Charlotte Brontë and the power of sisterhood

"I am no bird, and no net ensnares me." - Charlotte Brontë

Despite being the daughters of a vicar and growing up in a parsonage, Anne, Charlotte, and Emily Brontë were a wild bunch. At an early age, they demonstrated their creativity by inventing a fantastical land called Gondal. Knowing their father would disapprove of the romantic stories they concocted, they transcribed them in handwriting so small, no adult could hope to read it. 

To capture this sense of sisterhood, we drew inspiration from the Three Graces (Charites) of Greek mythology. Portrayed many times by painters and sculptors alike, they have come to represent many things, ranging from the feminine (charm, beauty, creativity) to the moral (faith, hope, love) to the agonistic (Hera, Aphrodite and Athena), to the creative (experience, inspiration, craft) to the unbreakable bond of kinship (Foedus Inviolabile).

The desolate and beautiful landscape surrounding their Yorkshire town of Howarth served as the setting for their most famous stories, and was the inspiration for our illustration. Like their characters, the landscape was untamed and as romantic as it was unforgiving.
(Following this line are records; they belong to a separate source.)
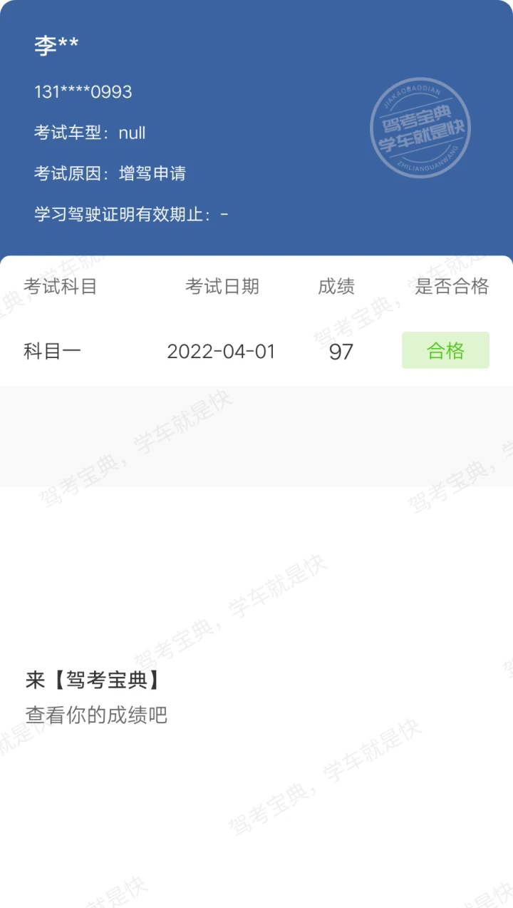 第一步稳稳的,真棒!都怕记不住想早点考 报名到考科一整整一个月…最后一周每天刷一遍模拟 还好过了
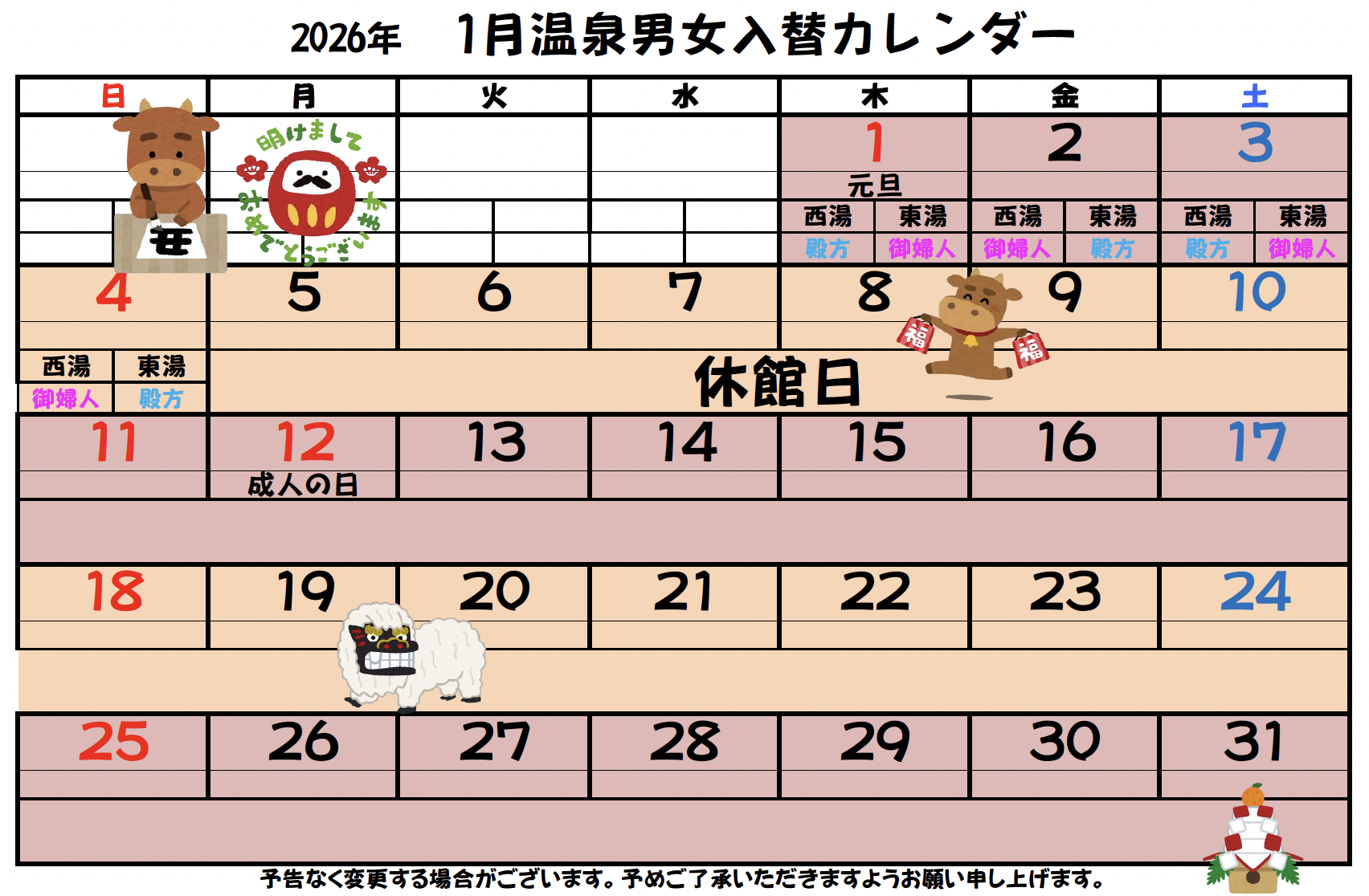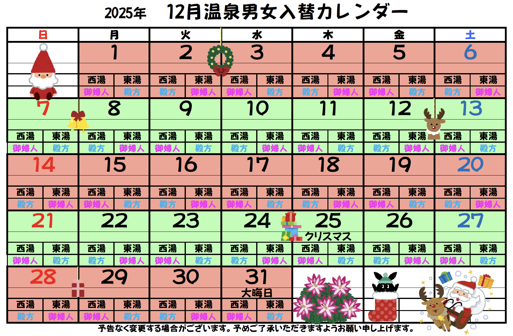 主浴湯・露天風呂・信楽焼壺風呂・炭酸風呂・水風呂・寝ころび湯・サウナ・釜風呂(スチームサウナ)
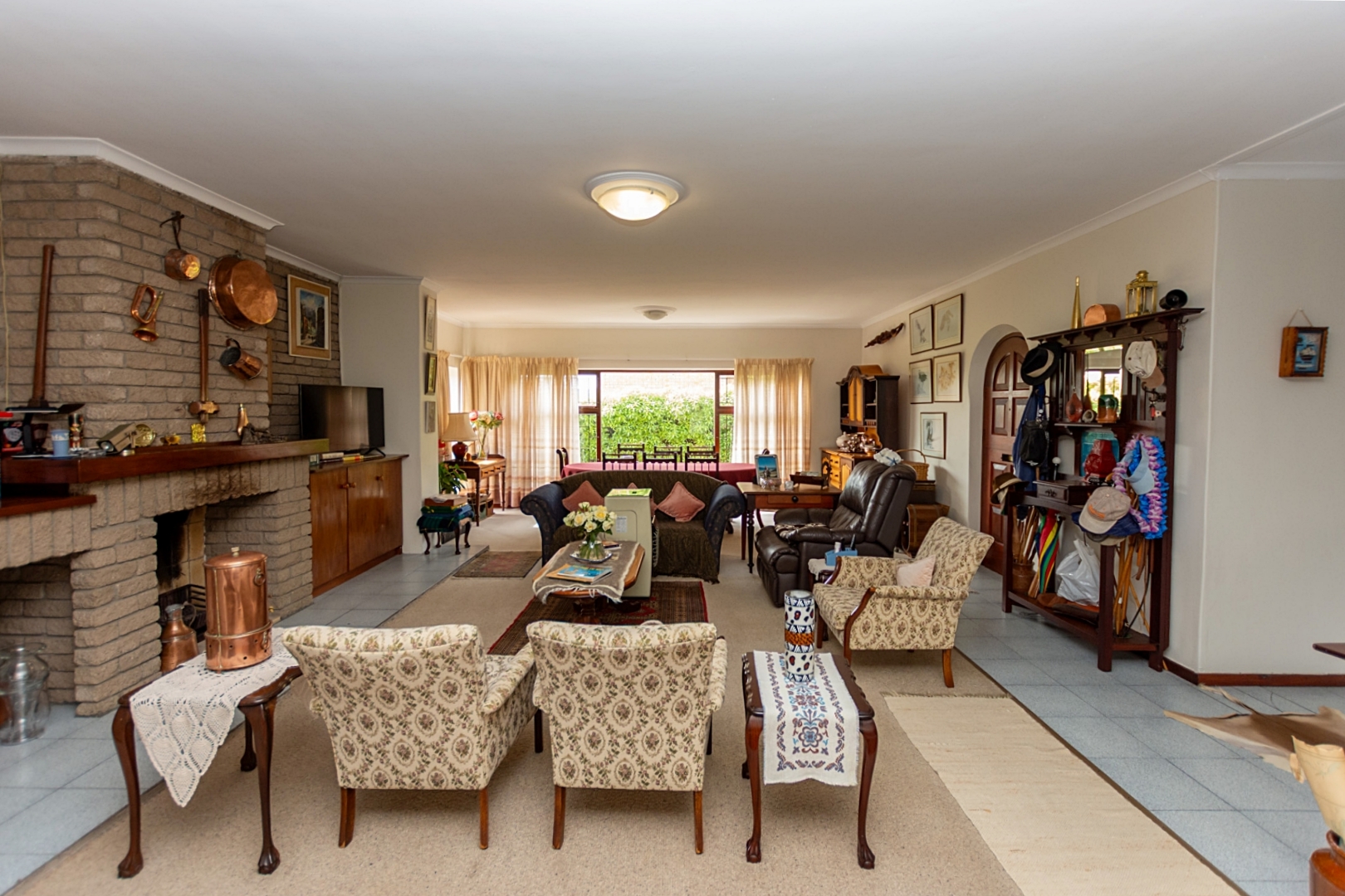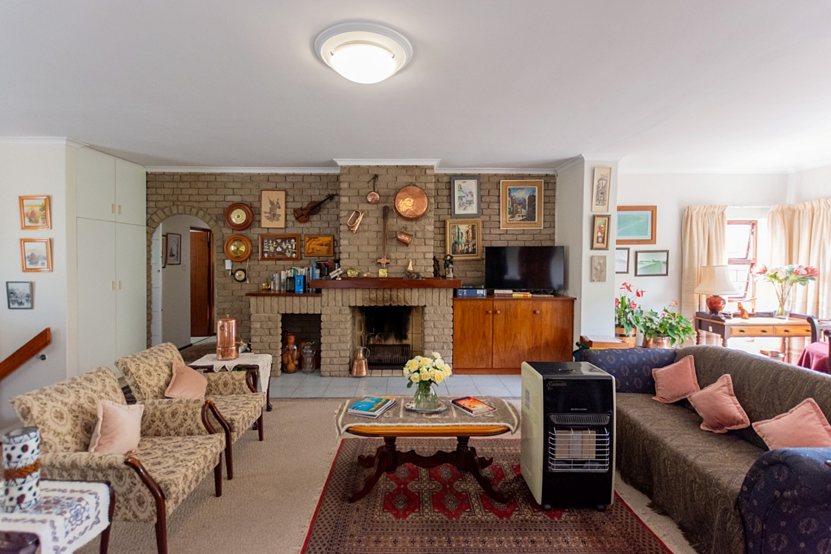 Open-plan living area with a cozy fireplace

This drawing is from my illustrated book Women Writers: Collected Works & Poems.

About the Art

“The fierce independence expressed in the quote is paired with the solidarity of the three graces. Instead of birds in a tree, delicate and fearful, the sisters form the unshakeable base of the tree itself. The central figure's dress becomes the trunk, utilizing the same pattern as the branches. The side figures' floral dresses mirror the foliage in the tree.”